Еще недавно люди гадали, когда начнется 3-е тысячелетие. 1 января 2000-го или 2001 года. Теперь пришло время подумать, когда оно кончится. Не окажется ли оно короче тысячелетнего рейха.

Я был вскоре после землетрясения в Спитаке и Ленинакане. Кажется, катастрофа на Манхэттене выглядит страшнее. Страшен вид разрушенных небоскребов и раздавленных человеческих тел, но ужасны и невидимые разрушения в душах людей.

Говорят, служащие американских авиакомпаний были недостаточно бдительны при проверке пассажиров и их багажа. Это правильно. В небдительности американцев я недавно еще раз убедился, когда, опоздав в Чикаго на пересадку, узнал, что мой чемодан отправился в рейс без меня. Двадцать лет назад, впервые оказавшись в Штатах, я после советского опыта всеобщей подозрительности и вдолбленной в наши мозги уверенности, что враг не дремлет, удивлялся безмерной доверчивости и беспечности американцев. За эти годы они кое-чему научились, но недостаточно и все еще ходят по улицам без паспортов и не видя в каждом встречном возможного злоумышленника.

Но доверчивость перестает относиться у них и у нас к разряду простительных человеческих слабостей, и мы готовы заподозрить в самом худшем растяпу, забывшего в трамвае кошелку. И сами причислены к подозреваемым. Во всех аэропортах нас без санкции прокурора обыскивают, заставляют выворачивать карманы, роются в чемоданах, а иной раз подвергают и вовсе унизительному досмотру с заглядыванием во все дырки. Теперь, говорят, будут снимать отпечатки пальцев.

Идет война новая, к правилам которой мы не привыкли, потому что никаких правил в ней нет. Вместе с небоскребами рушатся наши прежние представления о добре и зле. Поколения людей во всем мире, а у нас больше, чем где бы то ни было, воспитывались в сознании, что мужество, преданность идеалам и готовность к самопожертвованию – это положительные качества человека. Безумству храбрых мы пели песню. Мы почитали бомбистов прошлого, ставили им памятники и давали улицам их имена. Пришла пора посмотреть на их дела другими глазами.

Я уже прочел и услышал высказывания, что Россия никогда не поддерживала терроризм. Это правда, если речь о России до 1917 года. Но Советское государство само было главным террористом на Земле и школой международного терроризма.

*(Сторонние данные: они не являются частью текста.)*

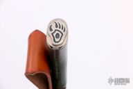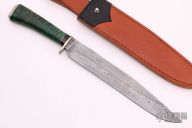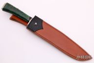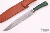 This Bowie by Keith Bagley has a Damascus blade with a nice temper line, .148" blade stock and 1.342" blade depth, hidden tang construction. The handle has a nickel silver guard, nickel silver butt with sterling silver paw print overlay, dyed box elder burl wood grip with black and nickel silver spacers. Includes a brown leather sheath. Excellent condition.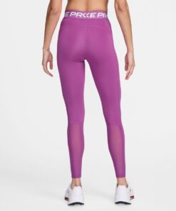 Nike Women’s Pro Mid-Rise Mesh-Paneled Leggings – Hot Fuchsia/White – XS

Вспомним хотя бы бандитов последних десятилетий: Ильича, который Шакал, немецкую группу Баадер-Майнхоф, итальянские красные бригады, японскую красную и Ирландскую республиканскую армию. Их советские инструкторы обучали, тренировали, снабжали взрывчаткой, оружием и идеями. Неуловимый Хаттаб, я думаю, тоже учился по советским учебникам. Вожди террористических организаций и государств вроде Арафата и Каддафи были зацелованы советскими лидерами, а с Саддамом Хусейном Жириновский целуется и сегодня. Террористические режимы вскормлены и западным миром, который построил им перегонные заводы, покупает их нефть и накачивает их деньгами на покупку веревки, на которой они его же мечтают повесить.

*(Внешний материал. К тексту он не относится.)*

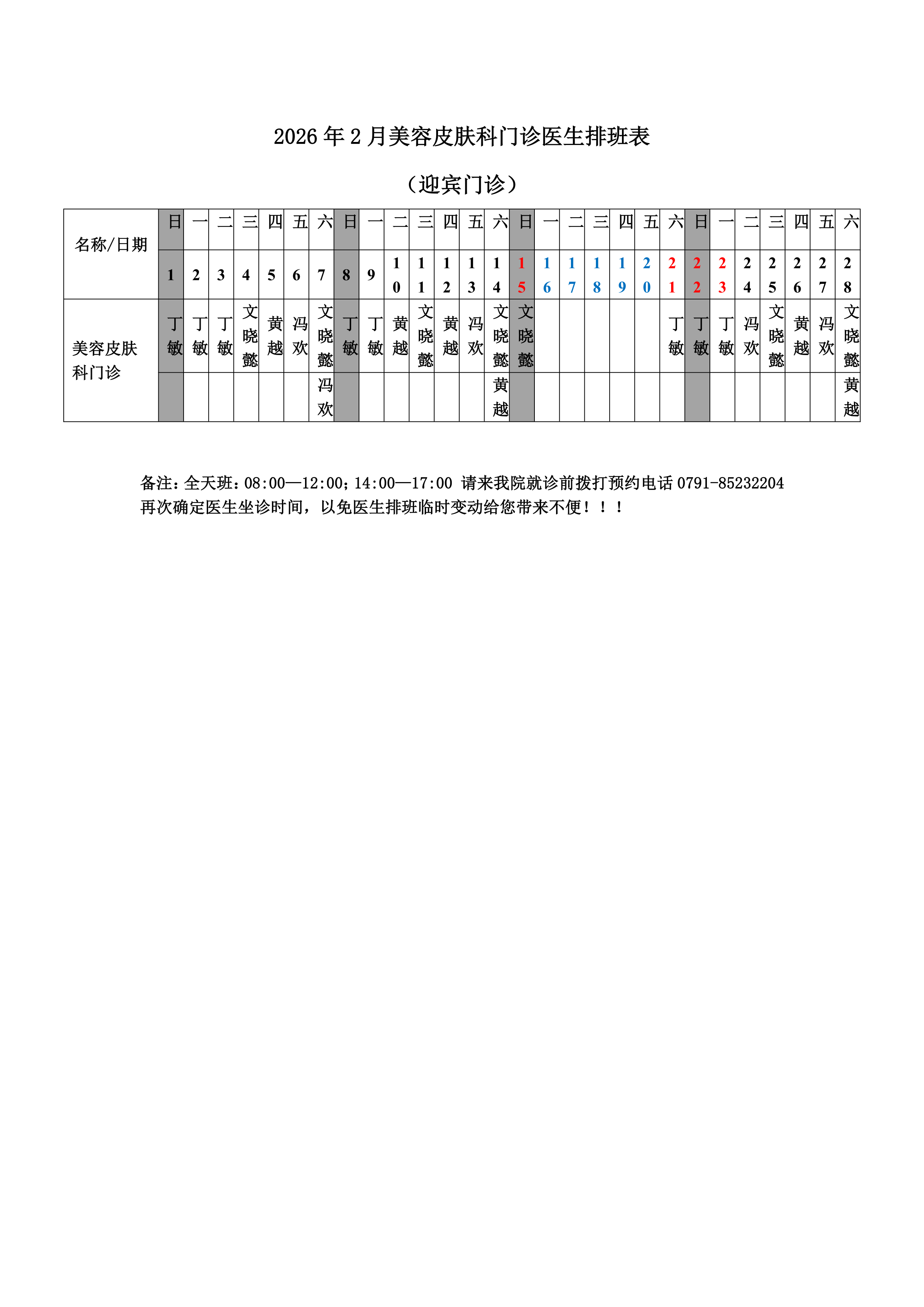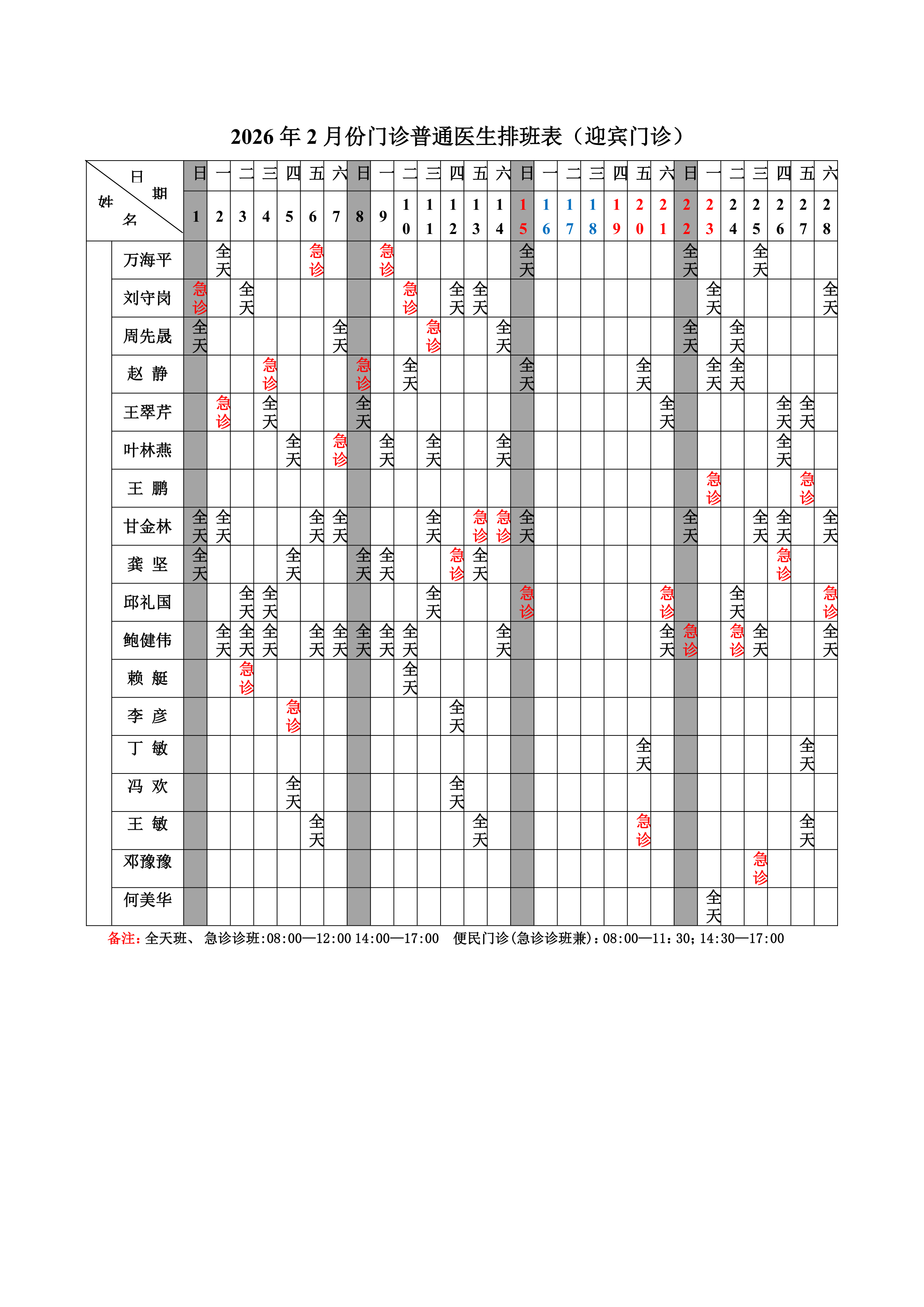 2026年2月份总院门诊医生排班表(迎宾门诊)

Теперь Америка объявила войну неизвестно кому. Люди опасаются, что в ней будут гибнуть не только террористы, но и мирные граждане. Но кого считать мирными? Гнусные твари, которые, видя гибель тысяч людей, прыгали от радости, не мирные. В их среде вырастают террористы и, ими подстрекаемые, идут на свой мерзкий подвиг. Не поощрять убийства других они начнут только тогда, когда поймут, что это может обернуться бедой и для них. В современных схватках государств участвуют не только армии, но и стоящие за ними народы. Которые своим трудом в тылу и патриотическими призывами поддерживают воюющих. Иногда, чтобы сокрушить вражеское государство, другая сторона прибегает к акциям устрашения народа, порой ужасным, но сильно остужающим патриотический пыл. Во время войны немцы, бомбя Ковентри или Лондон, убивая чужих детей, жен и матерей, надеялись, что противник не дойдет до такого же варварства. Когда же противник частично дошел и разнес в щепки Дрезден, воля немцев к победе была сильно подорвана. То же было с японцами после Хиросимы и Нагасаки. Бомбардировки тех городов многие и сейчас называют варварскими и неоправданными военной необходимостью. Это соображение спорное. Бесспорно то, что начинающие войну должны быть уверены, что получат ответный удар и он будет страшным. И что силой целей своих они никогда не достигнут.


№ 170, 15.09.01


На бога надеясь

А еще говорят, люди Бога забыли. Как бы не так! Поминают его неустанно по делу и всуе, приспособляя к текущему быту и низким целям. Экс-воинствующие безбожники, вернувшись в лоно церкви, расшибают в молитвах лбы и святят что ни попадя: воду, куличи, соборы, дома, корабли, танки, бензоколонки, домашнюю живность. Мой знакомый, пригнавши издалека секонд-хенд «Мицубиси», на страховку денег пожалел, сигнализацию не поставил, но освятил «тачку» на случай ДТП и угона. После чего угон тут же и состоялся. На Бога понадеялся, а сам оплошал. Конечно, не все рассчитывают на милость Божью по мелочам. Воины ислама, стремясь к раю кратчайшим путем, протаранили небоскребы и Пентагон во славу Аллаха. Что со всех сторон глупость и признак недостаточной веры. Если Всевышнему так уж неугодны были гяуры из Всемирного торгового центра, он сам, вероятно, нашел бы, как с ними распорядиться. Религиозный фанатизм ничем не лучше безбожного, а в чем-то, пожалуй, и хуже. Безбожник может в последнюю минуту хотя бы себя пожалеть, а этим чего жалеть, если впереди вечное блаженство средь райских кущ? В мире людей верующих и неверующих добрых больше, чем злых, может быть, даже намного больше, но деяния злых всегда гораздо заметнее. Добрым нужны годы, чтобы построить, злым – минуты, чтобы разрушить. Злые ударяют по добрым, и добрые становятся злыми. Идиоты, ударившие по щеке супердержаву, неужели думали, что она подставит другую щеку? Мы давно заучили, что насилие родит насилие. Но нам открылось и то, что непротивление насилию родит насилие еще большее.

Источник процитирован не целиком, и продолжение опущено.